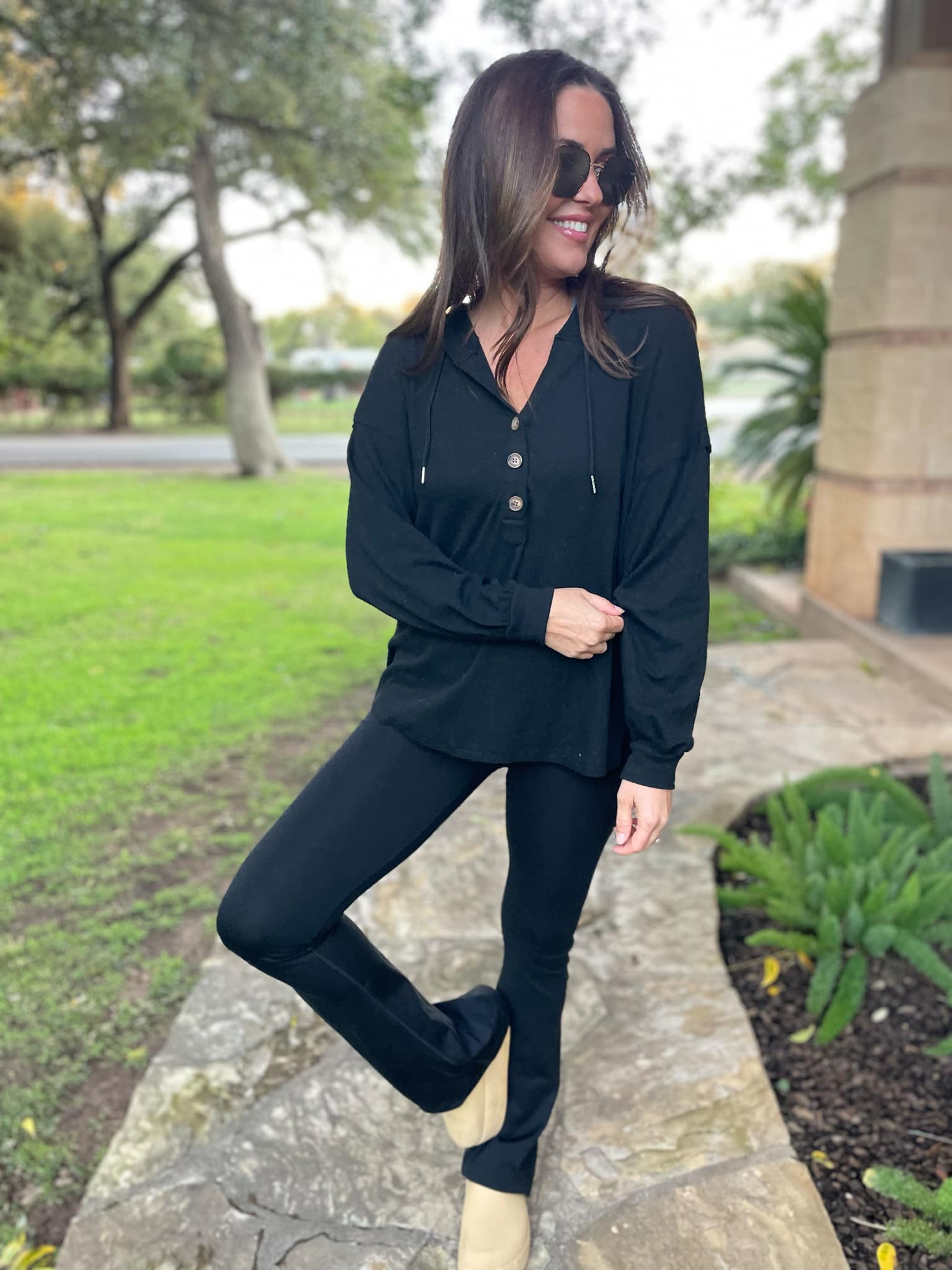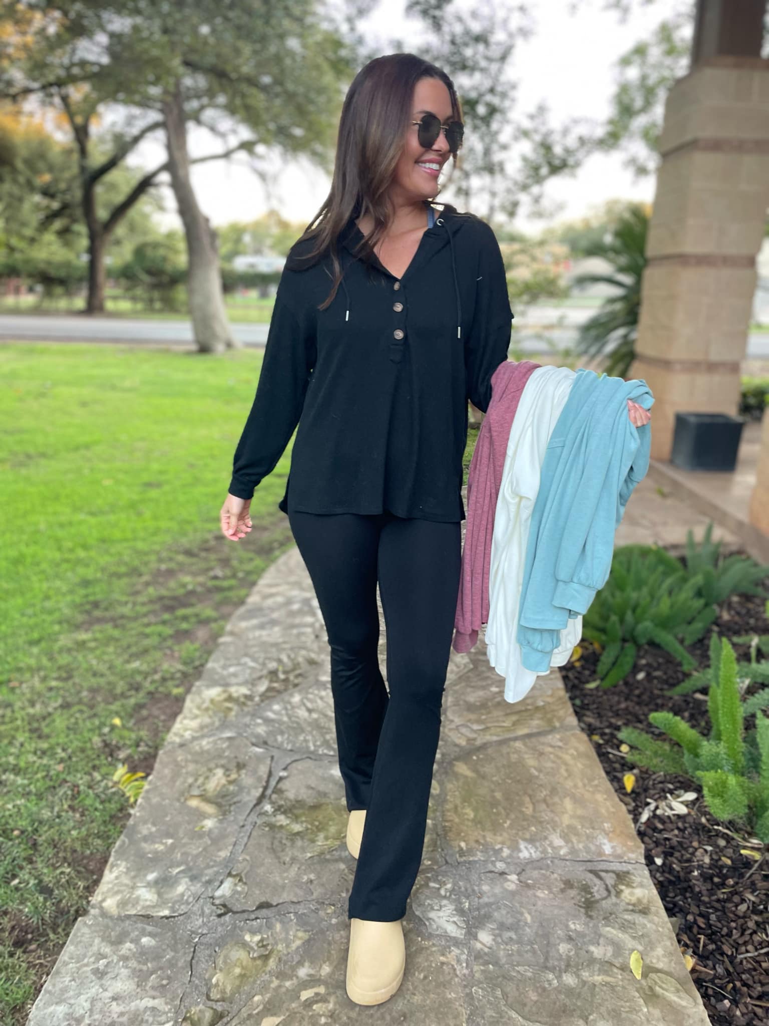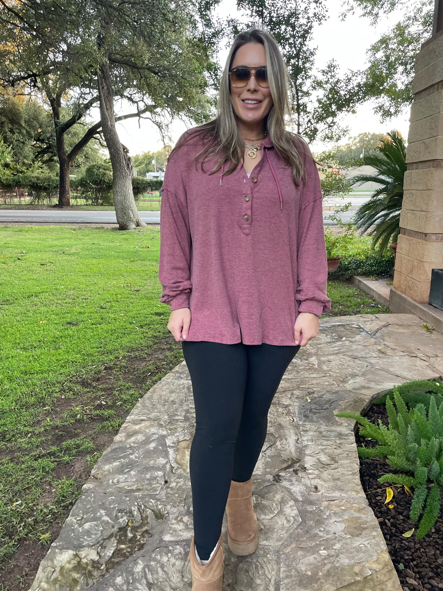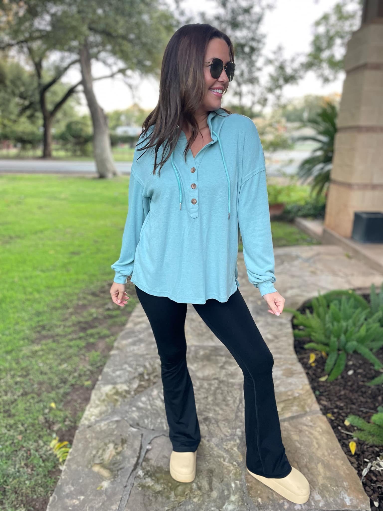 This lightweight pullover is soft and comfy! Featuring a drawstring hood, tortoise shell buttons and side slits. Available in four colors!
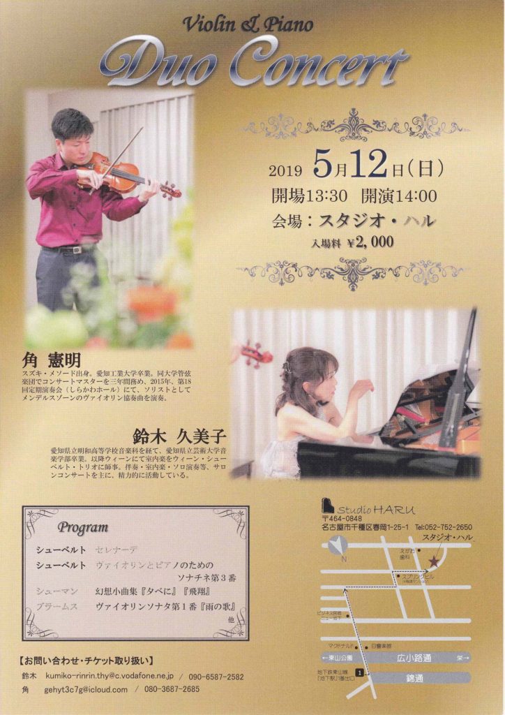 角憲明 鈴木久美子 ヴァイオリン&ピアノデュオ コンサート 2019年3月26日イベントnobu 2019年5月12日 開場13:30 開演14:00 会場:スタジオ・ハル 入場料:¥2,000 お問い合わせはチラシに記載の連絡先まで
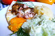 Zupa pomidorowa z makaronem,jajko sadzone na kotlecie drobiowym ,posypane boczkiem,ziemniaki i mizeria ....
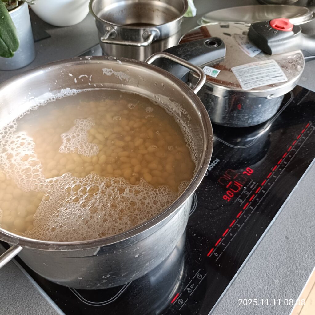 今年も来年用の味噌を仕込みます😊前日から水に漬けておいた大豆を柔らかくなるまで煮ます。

■ ■ ■ ■ ■ ■ ■

TASK DESCRIPTION – Using the data above, write out every line exactly, leaving the images behind.

ANSWER FOR THE TASK –
 This lightweight pullover is soft and comfy! Featuring a drawstring hood, tortoise shell buttons and side slits. Available in four colors!
 角憲明 鈴木久美子 ヴァイオリン&ピアノデュオ コンサート 2019年3月26日イベントnobu 2019年5月12日 開場13:30 開演14:00 会場:スタジオ・ハル 入場料:¥2,000 お問い合わせはチラシに記載の連絡先まで
 Zupa pomidorowa z makaronem,jajko sadzone na kotlecie drobiowym ,posypane boczkiem,ziemniaki i mizeria ....
 今年も来年用の味噌を仕込みます😊前日から水に漬けておいた大豆を柔らかくなるまで煮ます。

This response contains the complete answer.